The Trump administration may be bent on undermining global climate action and engineering an oil boom, but governments and businesses still have it within their power to accelerate decarbonisation
What does dog food and aircraft design have in common? And what have they both got to do with the Trump administration confirming this week it is quitting the United Nations Framework Convention on Climate Change (UNFCCC) and the Intergovernmental Panel on Climate Change (IPCC)?
One of the many nefarious goals of the Trump administration, both domestically and on the international stage, is to inculcate a sense of learned helplessness in its opponents - and even in its supposed allies. Trump and his apologists repeatedly seek to assert such power and demonstrate such visible contempt for anything others hold dear in such a chaotic way that opponents start to think resistance is at best highly risky and at worst totally futile.
This playbook is apparent in pretty much everything the Trump administration does - witness the revelling in the brazen breaches of international law at the heart of the US resource grab in Venezuela - but it is particularly obvious in its approach to climate change and the environment. The full spectrum contempt for climate action evident in the withdrawal from the UNFCCC is designed to create a self-fulfilling prophecy, where talk of an 'ESG backlash' and assertions that decarbonisation is pointless prompt businesses and the public to comply in advance and roll back environmental efforts even when they are not required to do so.
But it does not have to be this way.
There is no point being delusionaly optimistic in the face of these challenges. US isolationism, obstructionism, and imperialism present a grave threat to global climate action. There are huge obstacles in the way of a Venezuelan oil boom - obstacles the Trump administration is trying to wish away - but any uplift in oil production threatens a further increase in emissions at a time when they are meant to be falling if there is to be any hope of averting some of the worst climate scenarios. It will become far harder to convince carbon intensive economies to invest in decarbonisation if the world's largest historic emitter by a country mile will not even turn up at UN climate talks. Military adventures and the chaos they engender are a less than ideal backdrop for executing a global green industrial revolution.
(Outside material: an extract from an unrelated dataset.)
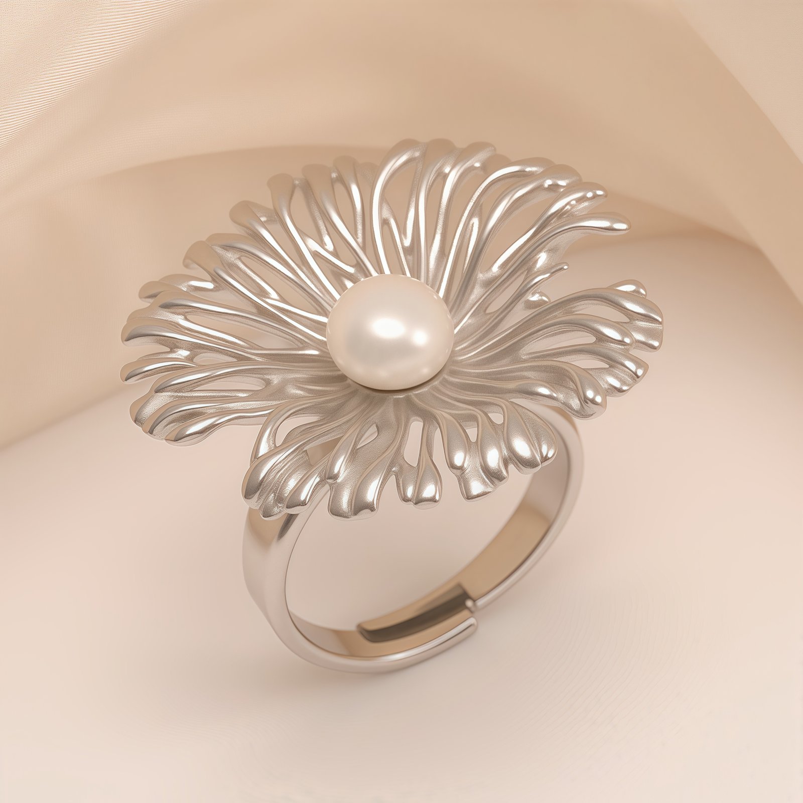 Stylish Pearl Flower Open – Women’s Ring, Gold and Silver Versions | N005530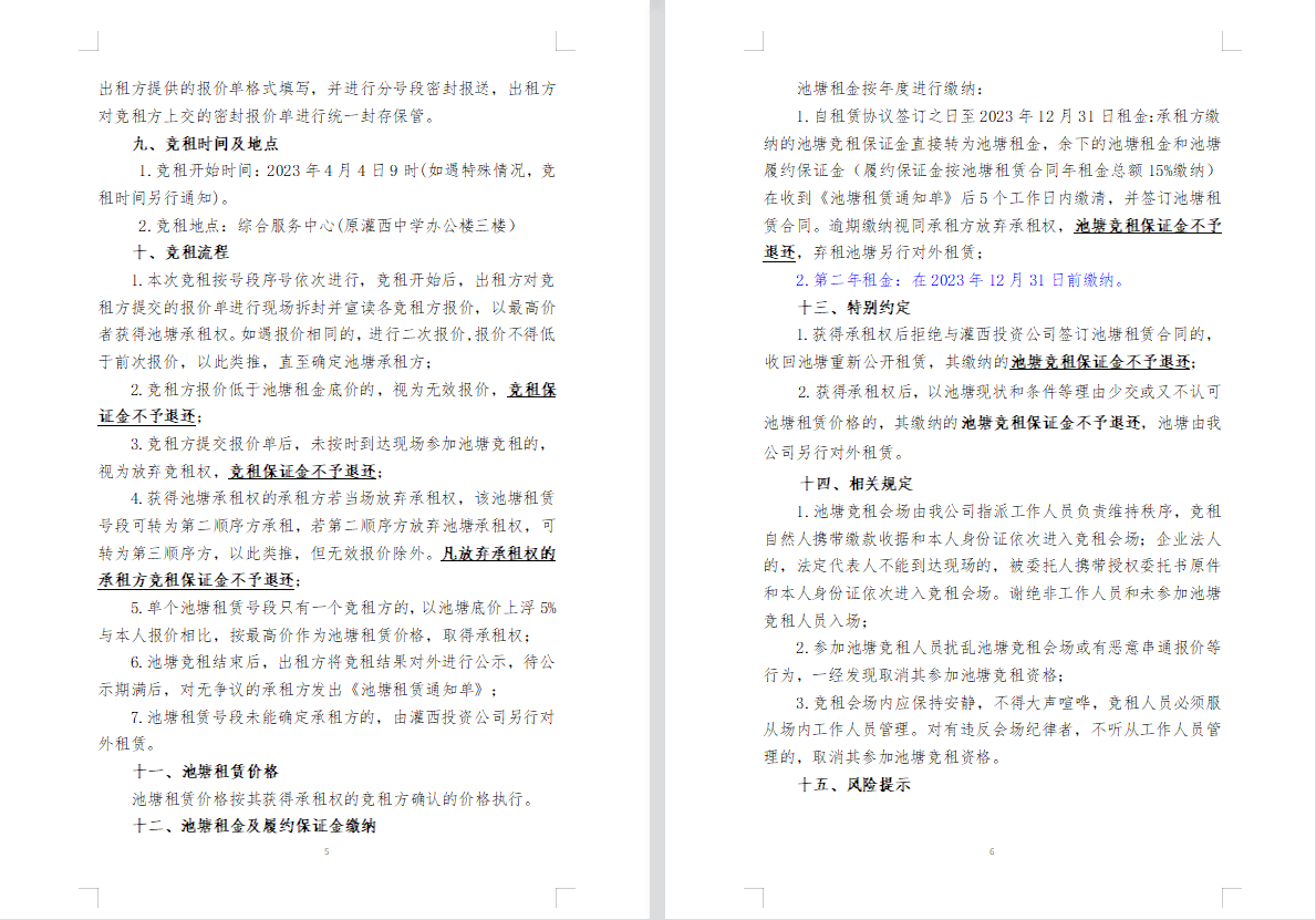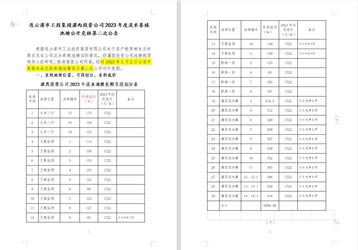連云港市工投集團灌西投資公司2023年度淡水養殖池塘公開競租第二次公告

But it is critical to remember there are still actions governments, businesses, and individuals can take to cut emissions and accelerate the clean technology transition. Which brings us back to the dog food and the aircraft.
New research yesterday revealed that while dog food may be responsible for a mind-blowing one per cent of UK emissions, the carbon intensity of different dog food products varies enormously. Different consumer choices, aided by better labelling or even modest regulation, could unlock massive emissions savings with little to no impact on the well-being of any dog or its owner.
At a more industrial level, separate research this week explained how proven technologies and approaches could more than halve global aviation emissions if only airlines would deploy them. Trump cannot stop airlines opting for the most efficient aircraft models or configuring planes to improve passenger carbon footprints.
The same pattern is evident in multiple sectors as clean technologies, efficiency measures, and climate resilience upgrades offer clear commercial and economic benefits. Meanwhile, CDP yesterday published its annual A list report, providing a timely reminder that, for all the talk of an ESG backlash, investors with $127tr of assets want more environmental data from corporates, and companies with over half of global market capitalisation are trying to provide it. They are doing so because climate risks and clean tech opportunities are real, regardless of what the US President says to the contrary.
The news cycle at the start of this year has been almost unbearably bleak, but it is critical to remember that no organisation is helpless in the face of attacks on climate action, even when those attacks emanate from some of the most powerful people in the world. Governments and businesses will understandably want to tread carefully when dealing with a Trump administration that increasingly behaves like a rogue state. But it is possible to continue to take steps to cut emissions without antagonising the President - just witness the clean tech investments of many of the Silicon Valley companies that have so visibly sought to ingratiate themselves with the man in the White House. The political zeitgeist in favour of sustainability will swing back again, because reality will always assert itself eventually. But in the meantime action can, and must, still be taken.